Гугин гладит бороду, раздумывая: рассказывать или отнекаться? Потеплевший взор устремлен вдаль. Иван подталкивает:

— Любота, видать, у тебя единственная?

— Да, Иван Михайлович, единственная, — светится лицом преображенный Гугин. Воистину апостол! — Слава богу, единственная, — повторяет он. — А встретились мы с Алисонькой еще детьми. Весной шестнадцатого года, в самый разгар войны. И было это на пасху в Троице-Сергиевой лавре, куда мой родитель… Впрочем, важно то, что я и Алисонька сразу полюбили друг дружку. Ведь теперь и не поверят, что детскую влюбленность можно сохранить на всю жизнь. А ждала нас долгая разлука. После рождества семнадцатого года нам суждено было свидеться вновь лишь через сорок два года. Кто же этому поверит?

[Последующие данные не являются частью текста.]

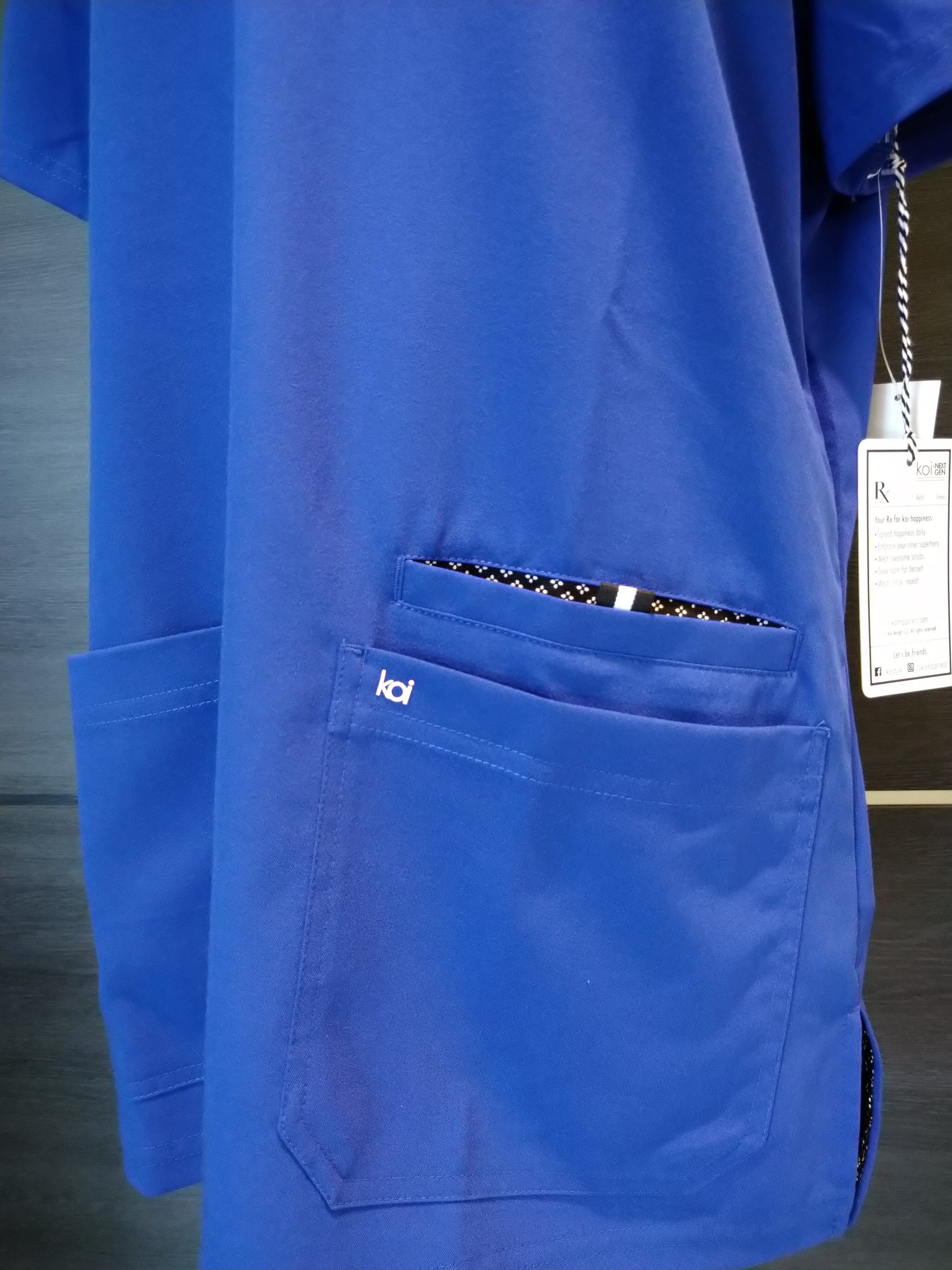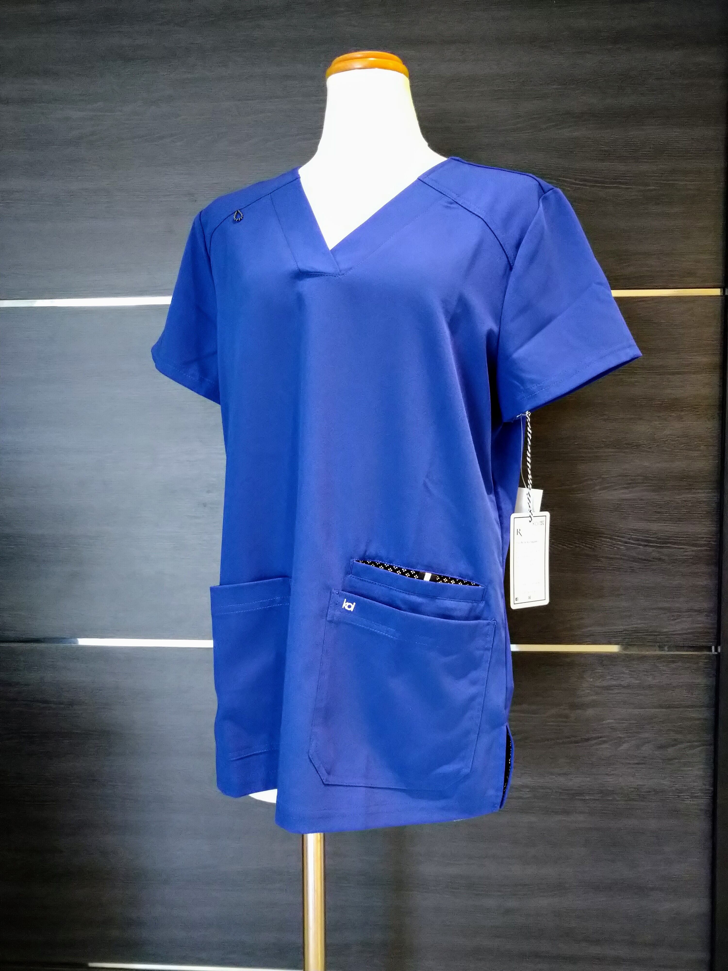 4方向に伸びるストレッチ性のある3ポケットスクラブです。

На мою долю выпали бесконечные скитания, Иван Михайлович, — печально продолжает Гугин. — Сначала с родителями, потом уж самому — и все не по своей воле да по местам, богом забытым. Но: свет и во тьме светит. И моей звездочкой была Алисонька. Я верил в воскрешение наших чувств. Ее судьба тоже несчастливо складывалась. И все, что она создавала, разрушалось. И когда я вновь обрел ее, она была полной сиротинушкой. Но она ждала меня, Иван Михайлович. Да! Ждала меня! И верила, как и я!

Гугин счастливо смотрит ввысь, шевеля губами. Иван качает головой, улыбается. Говорит:

— Ну ты мастер, Константин Васильевич, сказки-притчи излагать. Однако вот верится.

— Вера, Иван Михайлович, — сияет взором Гугин, — есть осуществление ожидаемого и уверенность в невидимом. Когда же мы вновь встретились, чтобы стать единым целым, то было сказано: постоянно любите друг друга от чистого сердца, как возрожденные. Как возрожденные! От чистого сердца! — повторяет старик.

У подножия Княжиной горы их разговор завершается. В гору поднимаются молча, Манька напряженно переставляет ноги, вытянув шею, торопится в стойло. Возле конторского крыльца останавливается.